We can make the query more flexible to account for different contexts. With this we combine the power of traditional querying with vector search.

Code
def sql_array_distance_from_search(conn, model, search_term):
    id = fetch_top_search_id(conn, model, search_term)
    ref_vec = (
        conn.sql(f"select embedding from card_embedding where id='{id}'")
        .fetchone()[0]
    )
    emb_dim = len(ref_vec)
    ref_vec_str = "ARRAY[" + ",".join(f"CAST({x} AS DOUBLE)" for x in ref_vec) + "]"
    return f"array_distance(embedding, {ref_vec_str}::DOUBLE[{emb_dim}])"

db.sql(f""" 
select 
    name
    , oracle_text
    , {sql_array_distance_from_search(db, model, 'when you cycle')} as dist
from card_embedding
left join card using(id)
where 1=1
    and layout = 'normal'
    and cmc = 2
order by dist asc
limit 9
""")
┌────────────────────────┬─────────────────────────────────────────────────────────────────────────────────────────────────────────────────────────────────────────────────┬───────────────────────┐
│          name          │                                                                   oracle_text                                                                   │         dist          │
│        varchar         │                                                                     varchar                                                                     │        double         │
├────────────────────────┼─────────────────────────────────────────────────────────────────────────────────────────────────────────────────────────────────────────────────┼───────────────────────┤
│ Drannith Healer        │ Whenever you cycle another card, you gain 1 life.\nCycling {1} ({1}, Discard this card: Draw a card.)                                           │ 4.804520544858501e-17 │
│ Drannith Stinger       │ Whenever you cycle another card, this creature deals 1 damage to each opponent.\nCycling {1} ({1}, Discard this card: Draw a card.)             │    0.7654649610995645 │
│ Witherbloom Apprentice │ Magecraft — Whenever you cast or copy an instant or sorcery spell, each opponent loses 1 life and you gain 1 life.                              │    0.9166975304148206 │
│ Blessed Wine           │ You gain 1 life.\nDraw a card at the beginning of the next turn's upkeep.                                                                       │    0.9202103106272829 │
│ Revitalize             │ You gain 3 life.\nDraw a card.                                                                                                                  │    0.9227281467739591 │
│ Disciple of Law        │ Protection from red\nCycling {2} ({2}, Discard this card: Draw a card.)                                                                         │    0.9279500413320395 │
│ Soul Shepherd          │ {W}, Exile a creature card from your graveyard: You gain 1 life.                                                                                │    0.9443892064122495 │
│ Syndic of Tithes       │ Extort (Whenever you cast a spell, you may pay {W/B}. If you do, each opponent loses 1 life and you gain that much life.)                       │     0.950814787176584 │
│ Samite Herbalist       │ Whenever this creature becomes tapped, you gain 1 life and scry 1. (Look at the top card of your library.

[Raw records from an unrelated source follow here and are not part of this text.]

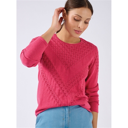 Soft, lightweight knit with Thermolactyl® warmth, perfect for chilly days, featuring a feminine chevron pattern. 48% Polyamide, 35% Polyester, 11% Acrylic, 6% Wool.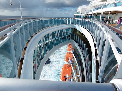 While I was on the upper deck, I took photos of that unusual SeaWalk that juts out from the Lido Deck. It is a strange stomach-churning feeling to walk on that cantilevered glass walkway and see the ocean 16 decks below.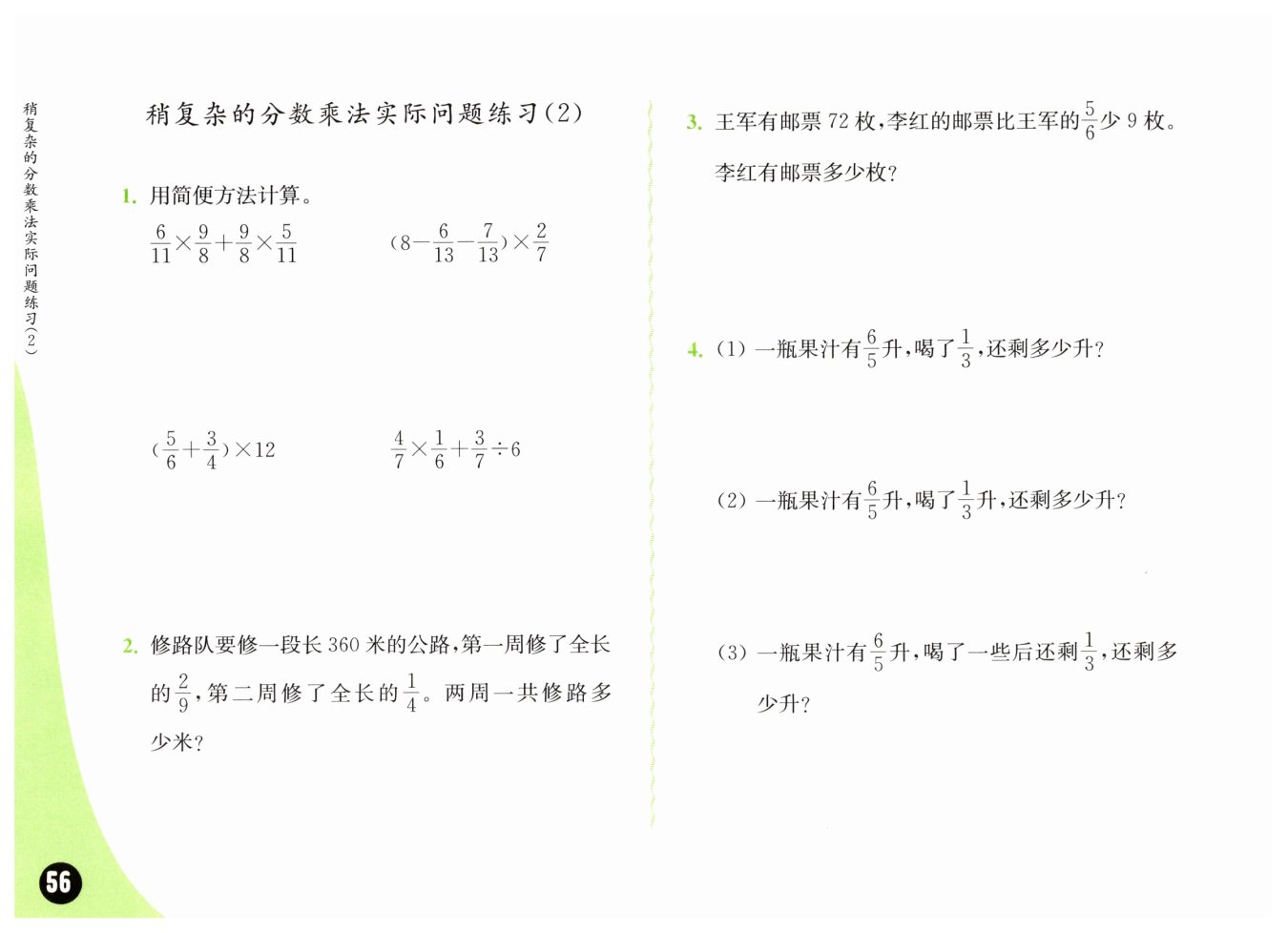 ?$ \frac 65×\frac 13=\frac 25($?升?$)$?

You may put that card on the bottom.) │    0.9514616126869583 │
└────────────────────────┴─────────────────────────────────────────────────────────────────────────────────────────────────────────────────────────────────────────────────┴───────────────────────┘

What’s next?

I think I need better recommendations before I go any further. The results need to be “good enough,” but they’re not quite there. I’ll have to look into what it takes to refine the model for my use-case.

Making an app (probably a simple webapp) would be the most helpful interface. Even 5-10 recommendations would be helpful.